*** Opening of Records supplied ***

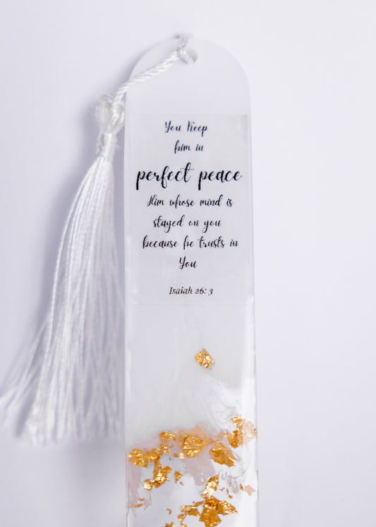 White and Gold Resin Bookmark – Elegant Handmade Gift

*** Close of Records supplied ***
*** Opening of Records supplied ***

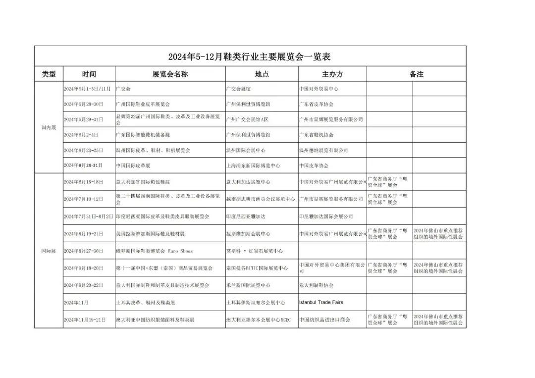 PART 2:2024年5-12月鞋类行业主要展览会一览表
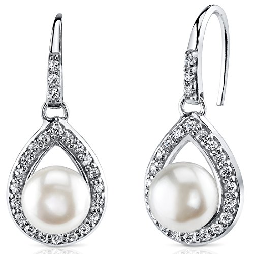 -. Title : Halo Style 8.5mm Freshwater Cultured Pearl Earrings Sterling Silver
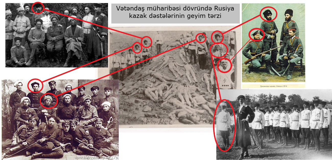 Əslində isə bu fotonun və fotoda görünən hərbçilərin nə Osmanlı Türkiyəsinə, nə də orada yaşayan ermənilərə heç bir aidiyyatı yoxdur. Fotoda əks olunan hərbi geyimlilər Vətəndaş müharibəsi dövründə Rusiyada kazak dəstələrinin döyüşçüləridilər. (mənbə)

*** Close of Records supplied ***
*** Opening of Records supplied ***

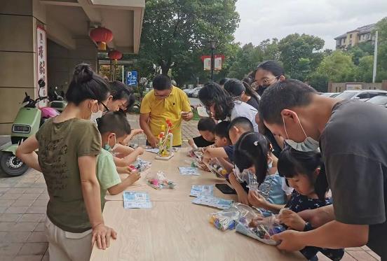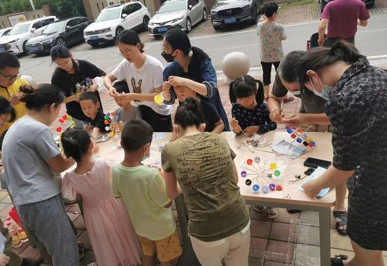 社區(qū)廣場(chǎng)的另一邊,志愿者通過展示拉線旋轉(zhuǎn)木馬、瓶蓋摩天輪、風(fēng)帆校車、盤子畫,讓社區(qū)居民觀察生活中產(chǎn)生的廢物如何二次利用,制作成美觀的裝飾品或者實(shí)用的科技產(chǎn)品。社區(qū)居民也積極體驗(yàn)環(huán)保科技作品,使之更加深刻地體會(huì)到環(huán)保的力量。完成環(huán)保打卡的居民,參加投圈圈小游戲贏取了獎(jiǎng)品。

*** Close of Records supplied ***

Problem statement ▸ For this exercise, reproduce exactly the lines of the records above from the one with "PART 2:2024年5-12月鞋类行业主要展览会一览表" up to and including the one with "Əslində isə bu", without pictures.

Response area ▸
 PART 2:2024年5-12月鞋类行业主要展览会一览表
 -. Title : Halo Style 8.5mm Freshwater Cultured Pearl Earrings Sterling Silver
 Əslində isə bu fotonun və fotoda görünən hərbçilərin nə Osmanlı Türkiyəsinə, nə də orada yaşayan ermənilərə heç bir aidiyyatı yoxdur. Fotoda əks olunan hərbi geyimlilər Vətəndaş müharibəsi dövründə Rusiyada kazak dəstələrinin döyüşçüləridilər. (mənbə)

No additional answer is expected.